Task brief:
The output should match, line for line, the records from the line containing "Direktur Utama PT" through the line containing "- Hoogte: Bij", with every picture left out.

Record set:
────────────────────

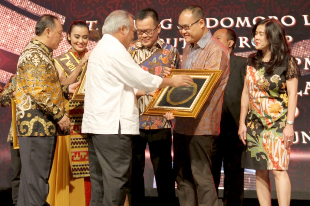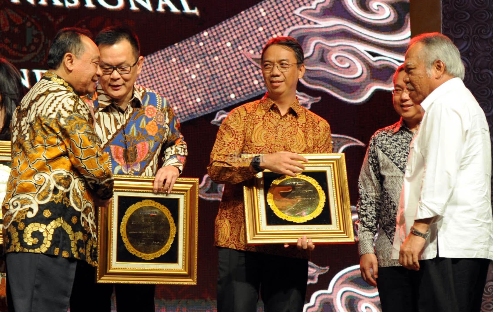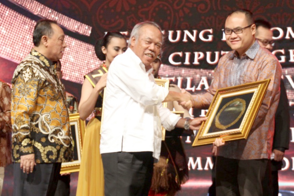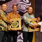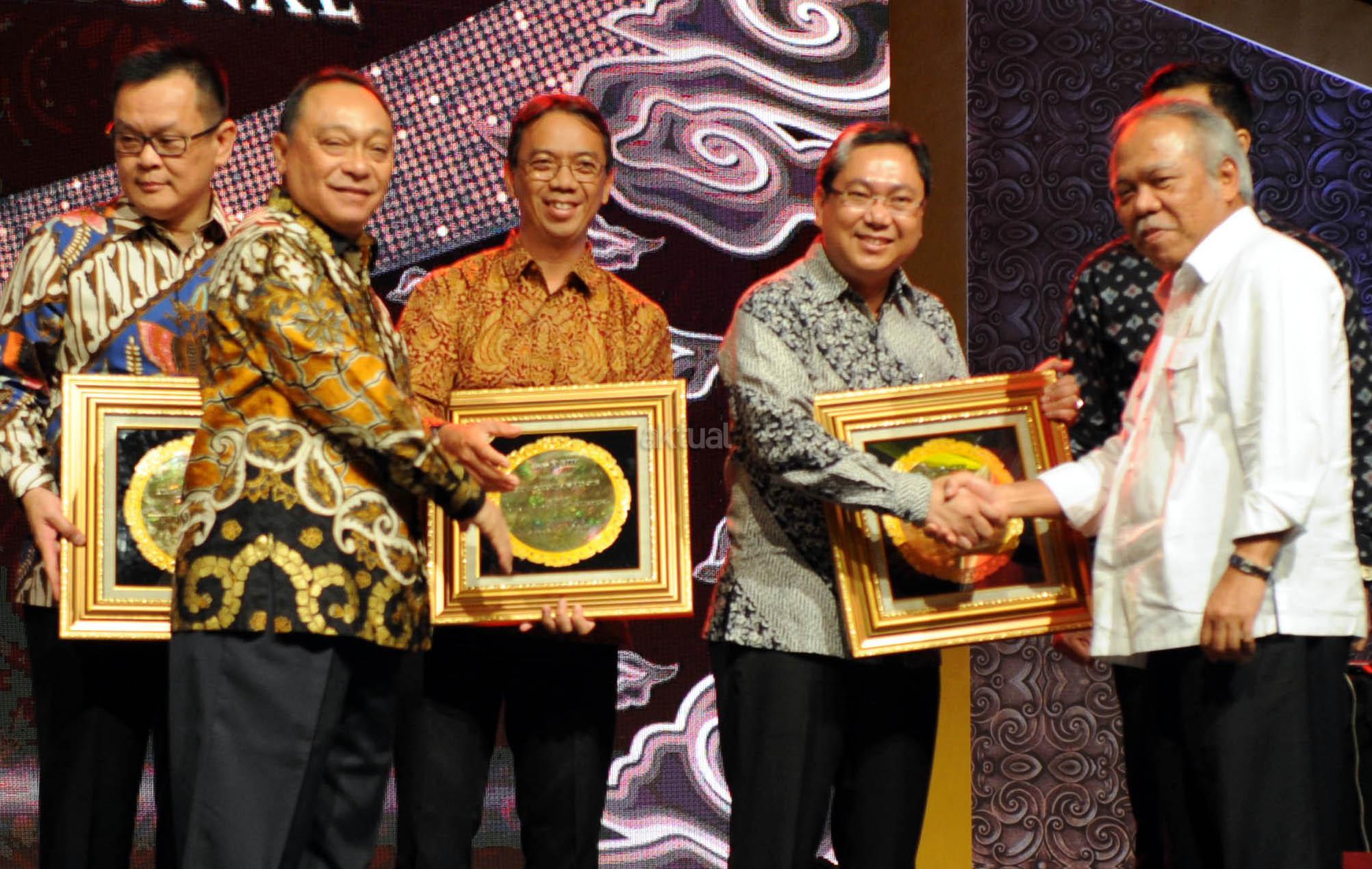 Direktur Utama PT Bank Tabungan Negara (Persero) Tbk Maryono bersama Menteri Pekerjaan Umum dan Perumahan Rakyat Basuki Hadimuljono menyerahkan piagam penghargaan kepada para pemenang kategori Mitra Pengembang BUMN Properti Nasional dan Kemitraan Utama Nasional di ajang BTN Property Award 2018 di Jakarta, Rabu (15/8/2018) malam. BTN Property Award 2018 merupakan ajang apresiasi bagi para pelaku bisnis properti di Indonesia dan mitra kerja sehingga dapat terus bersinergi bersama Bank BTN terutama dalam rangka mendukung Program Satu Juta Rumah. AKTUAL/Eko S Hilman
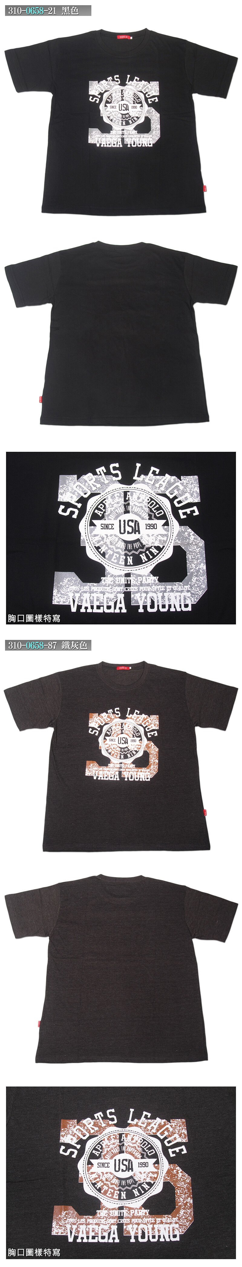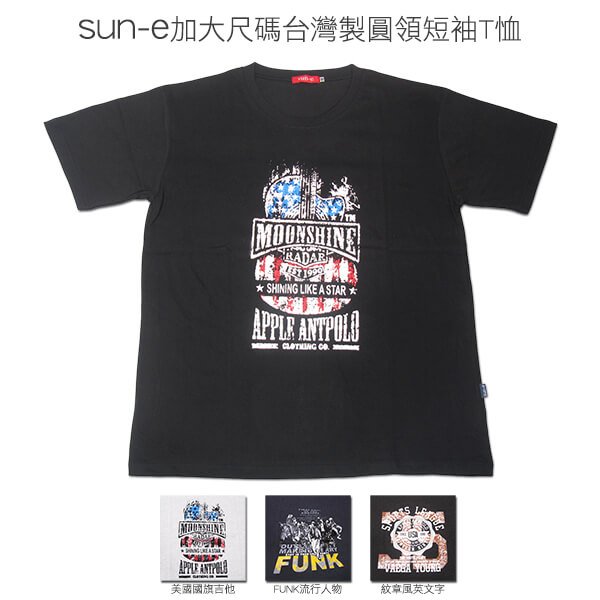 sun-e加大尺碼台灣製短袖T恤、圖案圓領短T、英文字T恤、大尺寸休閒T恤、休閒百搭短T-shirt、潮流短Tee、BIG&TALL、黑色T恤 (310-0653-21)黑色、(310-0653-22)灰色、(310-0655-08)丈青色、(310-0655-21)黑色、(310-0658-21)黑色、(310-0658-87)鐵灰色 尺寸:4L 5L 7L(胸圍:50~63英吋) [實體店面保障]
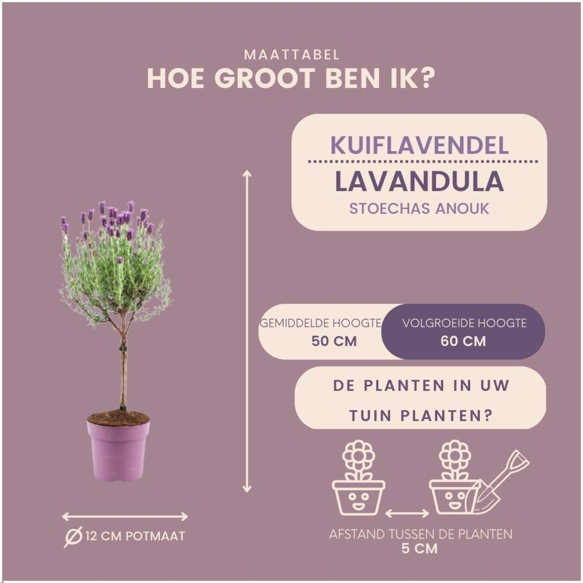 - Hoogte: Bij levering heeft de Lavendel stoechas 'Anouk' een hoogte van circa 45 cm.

────────────────────

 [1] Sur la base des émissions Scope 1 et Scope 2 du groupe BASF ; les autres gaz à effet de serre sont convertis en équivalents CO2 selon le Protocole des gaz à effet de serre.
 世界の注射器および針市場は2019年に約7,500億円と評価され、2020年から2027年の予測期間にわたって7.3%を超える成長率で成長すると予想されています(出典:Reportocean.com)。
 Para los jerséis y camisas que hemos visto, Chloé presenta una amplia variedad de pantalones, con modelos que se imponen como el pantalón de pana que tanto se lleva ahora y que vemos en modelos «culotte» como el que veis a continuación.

────────────────────

Completed exercise:
 Direktur Utama PT Bank Tabungan Negara (Persero) Tbk Maryono bersama Menteri Pekerjaan Umum dan Perumahan Rakyat Basuki Hadimuljono menyerahkan piagam penghargaan kepada para pemenang kategori Mitra Pengembang BUMN Properti Nasional dan Kemitraan Utama Nasional di ajang BTN Property Award 2018 di Jakarta, Rabu (15/8/2018) malam. BTN Property Award 2018 merupakan ajang apresiasi bagi para pelaku bisnis properti di Indonesia dan mitra kerja sehingga dapat terus bersinergi bersama Bank BTN terutama dalam rangka mendukung Program Satu Juta Rumah. AKTUAL/Eko S Hilman
 sun-e加大尺碼台灣製短袖T恤、圖案圓領短T、英文字T恤、大尺寸休閒T恤、休閒百搭短T-shirt、潮流短Tee、BIG&TALL、黑色T恤 (310-0653-21)黑色、(310-0653-22)灰色、(310-0655-08)丈青色、(310-0655-21)黑色、(310-0658-21)黑色、(310-0658-87)鐵灰色 尺寸:4L 5L 7L(胸圍:50~63英吋) [實體店面保障]
 - Hoogte: Bij levering heeft de Lavendel stoechas 'Anouk' een hoogte van circa 45 cm.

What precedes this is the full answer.